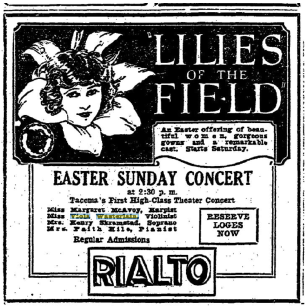 April 17, 1924, The “Lillies of the Field” was an Easter Sunday concert premiering at the Rialto Theater, a show that would be referred to as “Tacoma’s First High-Class Theater Concert.” This musical gathering would feature a number of Tacoma’s valued musicians, including Viola herself. The concert began at 2:30 pm and required seats to be reserved in advance, with the promise of “beautiful women” and “gorgeous gowns.” The news clipping featured a lily flower, with the head of a woman sitting in the middle.
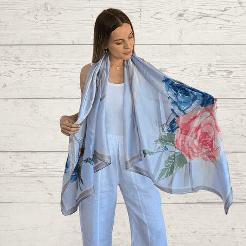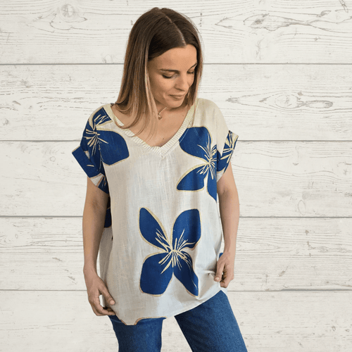 Blusa Italiana estampada escote en V, fondo Beige con Azul
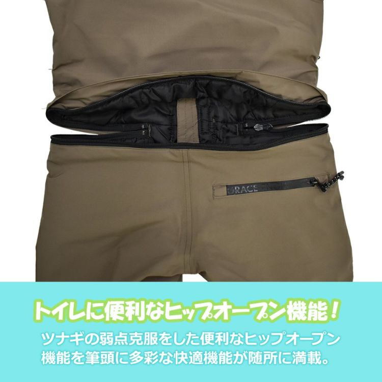 トイレがしにくいというツナギの弱点克服をした便利なヒップオープン機能を筆頭に、多彩な快適機能が満載です。
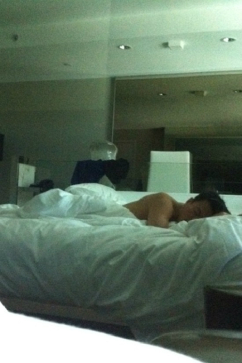 공개된 사진 속에는 상반신 누드로 침대에 누워 눈을 감고 잠을 자는 박진영의 모습이 담겨 있었다.
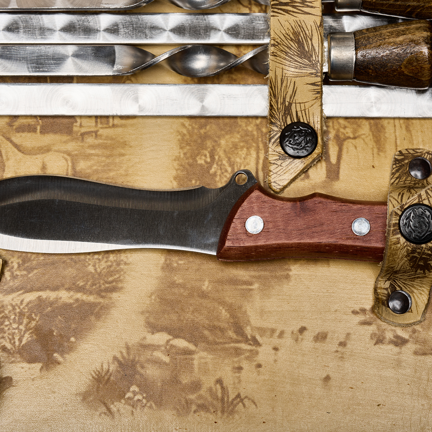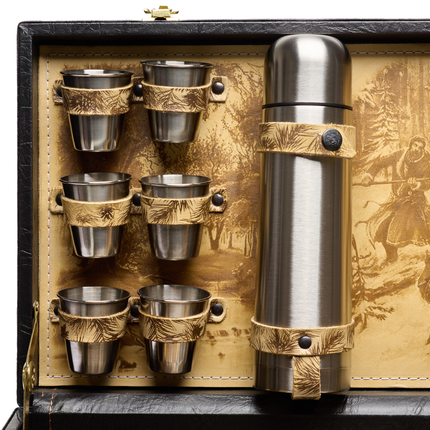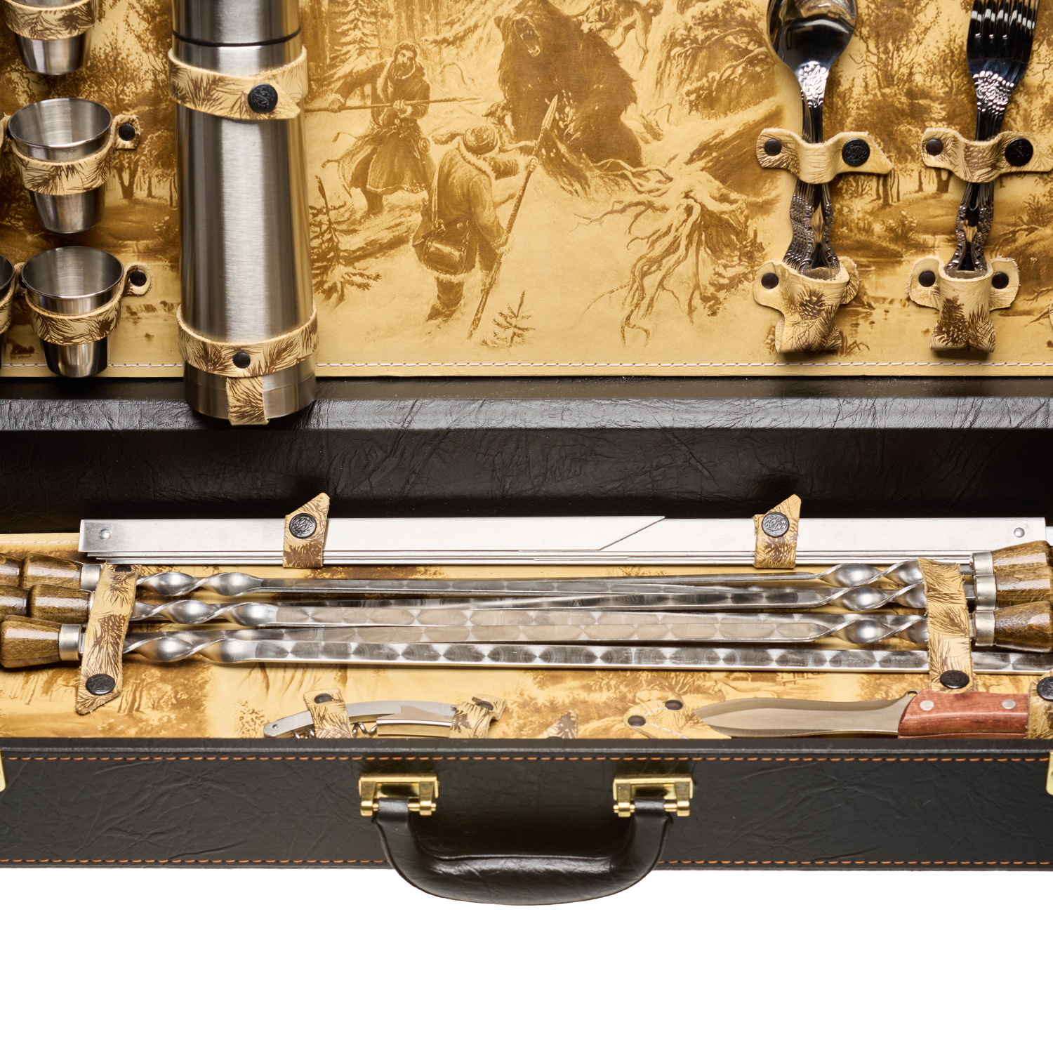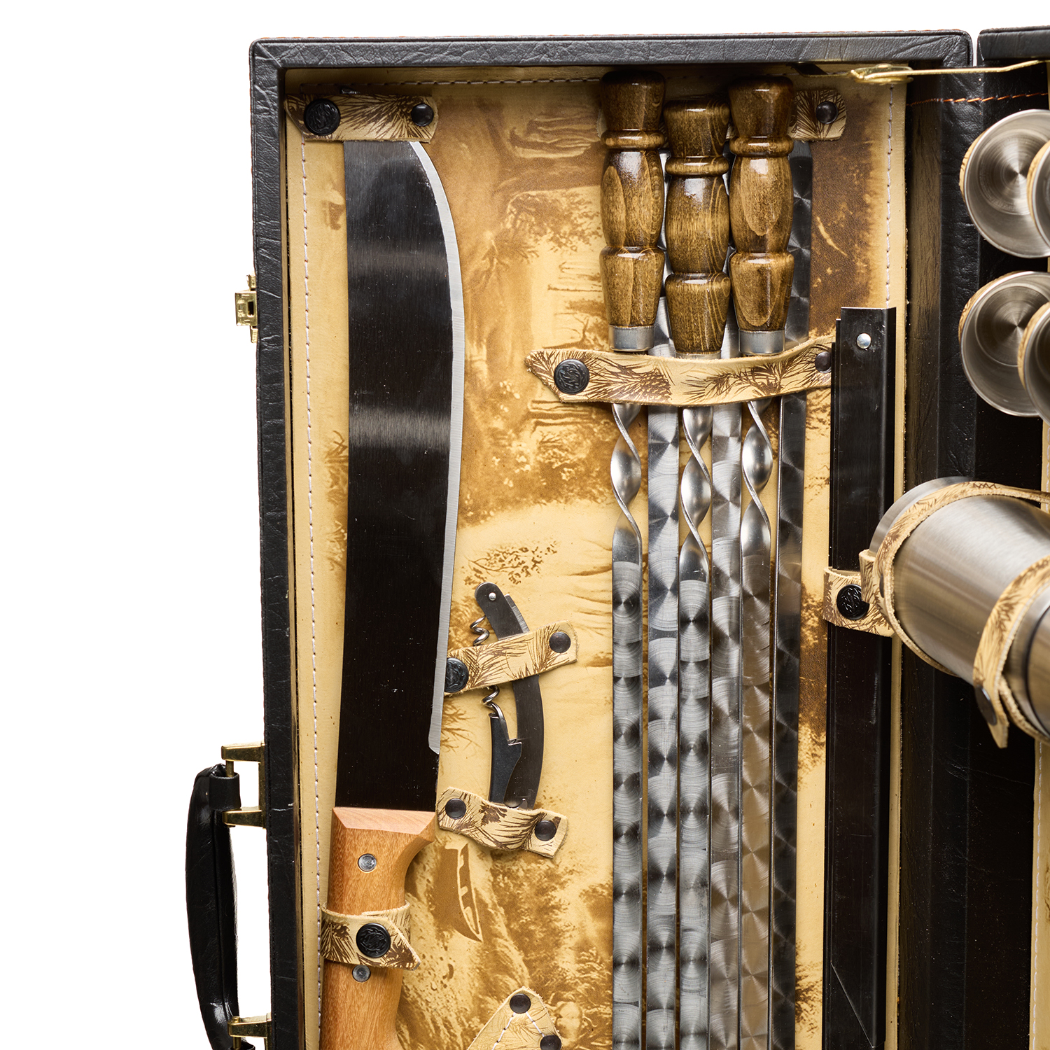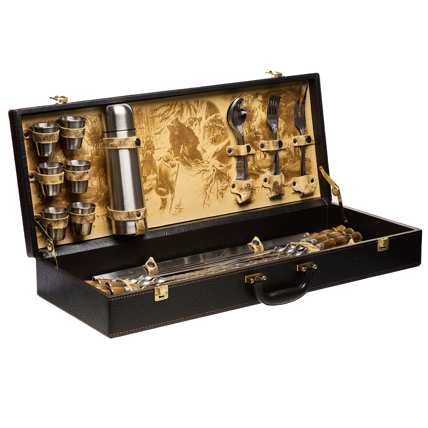 Комплектация: термос 1 шт., стопка 6 шт., вилка 6 шт., ложка 6 шт., вилка для мяса 1 шт., мангал 1 шт., шампур 6 шт., нож 1 шт., тесак 1 шт., штопор 1 шт.

══════════════════════════════

__The problem__. No pictures belong in the answer. It must repeat exactly the lines from the line with "공개된 사진 속에는 상반신" through the final line of the records.

__Solution__.
 공개된 사진 속에는 상반신 누드로 침대에 누워 눈을 감고 잠을 자는 박진영의 모습이 담겨 있었다.
 Комплектация: термос 1 шт., стопка 6 шт., вилка 6 шт., ложка 6 шт., вилка для мяса 1 шт., мангал 1 шт., шампур 6 шт., нож 1 шт., тесак 1 шт., штопор 1 шт.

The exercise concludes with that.